§ **Task inputs**

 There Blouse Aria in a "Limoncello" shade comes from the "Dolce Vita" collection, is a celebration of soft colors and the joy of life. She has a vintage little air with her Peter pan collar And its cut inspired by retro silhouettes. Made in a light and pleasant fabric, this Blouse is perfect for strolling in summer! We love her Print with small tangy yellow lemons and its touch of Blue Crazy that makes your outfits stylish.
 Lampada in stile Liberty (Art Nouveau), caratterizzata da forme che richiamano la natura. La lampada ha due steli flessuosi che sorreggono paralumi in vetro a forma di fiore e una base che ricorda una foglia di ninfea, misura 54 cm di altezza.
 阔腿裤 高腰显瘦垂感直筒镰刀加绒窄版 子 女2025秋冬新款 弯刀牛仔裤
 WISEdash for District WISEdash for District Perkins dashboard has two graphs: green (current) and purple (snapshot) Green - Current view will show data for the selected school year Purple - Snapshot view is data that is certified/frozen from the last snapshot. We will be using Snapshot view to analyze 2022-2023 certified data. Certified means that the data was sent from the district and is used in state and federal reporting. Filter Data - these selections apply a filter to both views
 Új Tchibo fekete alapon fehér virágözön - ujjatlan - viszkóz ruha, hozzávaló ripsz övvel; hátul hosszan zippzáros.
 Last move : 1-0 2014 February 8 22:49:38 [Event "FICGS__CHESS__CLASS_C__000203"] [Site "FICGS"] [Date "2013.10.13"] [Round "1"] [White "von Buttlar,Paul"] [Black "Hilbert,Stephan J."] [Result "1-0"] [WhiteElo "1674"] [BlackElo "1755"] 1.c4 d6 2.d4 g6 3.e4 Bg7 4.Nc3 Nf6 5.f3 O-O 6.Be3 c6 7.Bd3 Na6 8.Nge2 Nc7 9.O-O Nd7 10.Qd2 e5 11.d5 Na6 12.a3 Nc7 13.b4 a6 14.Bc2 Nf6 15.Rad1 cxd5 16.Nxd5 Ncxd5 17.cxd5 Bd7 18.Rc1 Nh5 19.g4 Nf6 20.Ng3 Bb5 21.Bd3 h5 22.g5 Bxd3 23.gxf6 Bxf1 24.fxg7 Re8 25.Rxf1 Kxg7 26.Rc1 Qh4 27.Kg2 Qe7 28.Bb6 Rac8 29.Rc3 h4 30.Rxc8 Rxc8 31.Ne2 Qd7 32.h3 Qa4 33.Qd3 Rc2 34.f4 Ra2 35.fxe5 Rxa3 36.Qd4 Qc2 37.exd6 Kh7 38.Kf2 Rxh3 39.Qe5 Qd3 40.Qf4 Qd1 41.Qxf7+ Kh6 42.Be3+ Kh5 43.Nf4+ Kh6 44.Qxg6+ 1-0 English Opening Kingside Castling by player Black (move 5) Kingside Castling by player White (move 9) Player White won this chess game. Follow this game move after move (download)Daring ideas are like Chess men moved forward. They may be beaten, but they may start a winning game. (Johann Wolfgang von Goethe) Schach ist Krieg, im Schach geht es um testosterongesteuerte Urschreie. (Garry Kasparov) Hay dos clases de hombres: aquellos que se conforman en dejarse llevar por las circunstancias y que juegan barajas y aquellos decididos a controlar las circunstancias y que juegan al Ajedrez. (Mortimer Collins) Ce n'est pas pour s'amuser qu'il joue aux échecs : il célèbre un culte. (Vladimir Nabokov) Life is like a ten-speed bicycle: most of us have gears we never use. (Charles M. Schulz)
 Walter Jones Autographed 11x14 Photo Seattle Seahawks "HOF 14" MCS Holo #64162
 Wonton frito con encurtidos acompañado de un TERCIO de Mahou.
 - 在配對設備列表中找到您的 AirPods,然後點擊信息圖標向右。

§ **Work instructions**
Among the records above, a stretch begins at the line containing "WISEdash for District WISEdash" and ends at the line containing "Új Tchibo fekete". Restate that stretch word for word, and nothing else.

§ **Exercise result**
 WISEdash for District WISEdash for District Perkins dashboard has two graphs: green (current) and purple (snapshot) Green - Current view will show data for the selected school year Purple - Snapshot view is data that is certified/frozen from the last snapshot. We will be using Snapshot view to analyze 2022-2023 certified data. Certified means that the data was sent from the district and is used in state and federal reporting. Filter Data - these selections apply a filter to both views
 Új Tchibo fekete alapon fehér virágözön - ujjatlan - viszkóz ruha, hozzávaló ripsz övvel; hátul hosszan zippzáros.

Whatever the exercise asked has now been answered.